Akaniny Marary,  Madagascar

La amistad imperecedera con el ayerbense Antonio Romero, cuya benéfica labor se extendió a su Centro de Enfermos y a las prisiones

29 de Enero de 2023
Guardar
Mercado de Ambositra, en Madagascar
Mercado de Ambositra, en Madagascar

Ambositra se encuentra en el centro de Madagascar, rodeado de verdes valles y colinas.  Aunque parezca un pueblo, la ciudad tiene un tamaño aproximado a Huesca, famosa por ser el centro donde se producen las principales artesanías en madera del país, maderas preciosas como el palo rosa o el palisandro.  Ese precisamente era mi objetivo en Ambositra, comprar artesanías en madera.

Me alojé en el Grand Hotel, un hotel colonial situado en el centro de la parte alta de la ciudad, viejo y acogedor.  Allí el recepcionista me dijo que en Ambositra había un misionero español.  Antes de nada salí a recorrer la ciudad para observar las tiendas y lugares donde se vendían las artesanías, concentradas en las dos calles principales. Me sorprendió que, para no ser un lugar turístico, pues pese a que se encontraba en la ruta de Antsirabe a Fianarantsoa los pocos turistas que llegaban a principios de los noventa pasaban de largo, había unas cuantas tiendas con la artesanía tradicional.
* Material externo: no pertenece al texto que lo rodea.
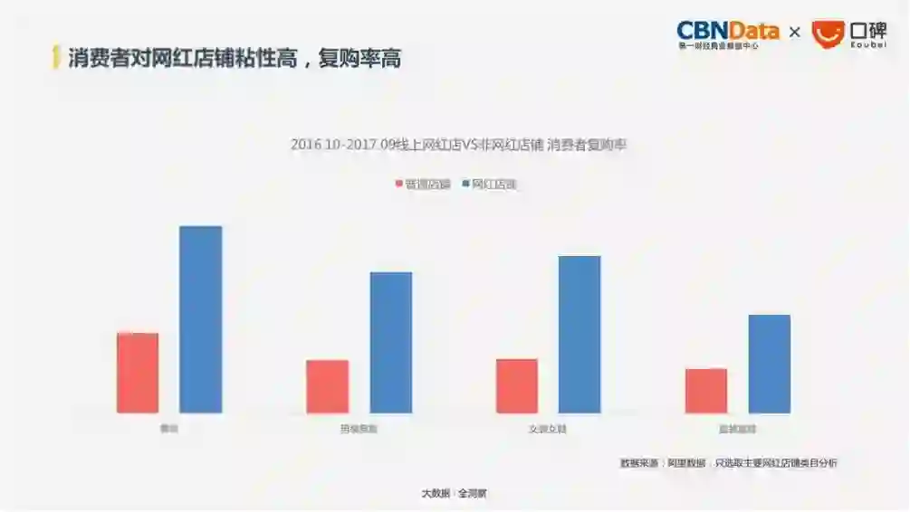 而根据线上网红店数据显示,在美妆、服饰鞋履方面,消费者对网红店铺保持粘性,复购率高。

Estuve hasta el mediodía investigando todas las cosas que podía comprar allí, serían un buen complemento a lo que más tarde compraría en el mercado del Zoma, uno de los mercados más grandes de África que se hacía cada viernes en Antananarivo, la capital, donde iban artesanos de todo el país a vender sus productos. También estuve mirando cómo llevaría después mis compras hasta la capital, pues necesitaría un transporte.

Vista desde el Gran Hotel
Vista desde la ventana del Gran Hotel

Entre las cosas que llamaron mi atención caminando en la ciudad, fueron algunos puestos de comida en la calle, en concreto algunos que tenían lo que parecía unas aves peladas expuestas sobre mesas a la venta, algo similar a lo que podían ser codornices. Cuando pregunté qué eran, la respuesta me sorprendió: se trataba de murciélagos

Al mediodía fui a comer a un restaurante donde probé un pescado típico de la zona: anguila.  Creo que era la primera vez que lo comía y me pareció algo delicioso.  En ese mismo restaurante también probé angulas, ambas cosas consideradas en nuestro mundo occidental como exquisiteces, y que sin embargo allí no gozaban del mismo reconocimiento, de hecho, a los malgaches no les gustaban, les parecían culebras o culebritas y esa circunstancia les causaba repulsión, razón por la que quizá su valor era el mismo que cualquier otro plato corriente.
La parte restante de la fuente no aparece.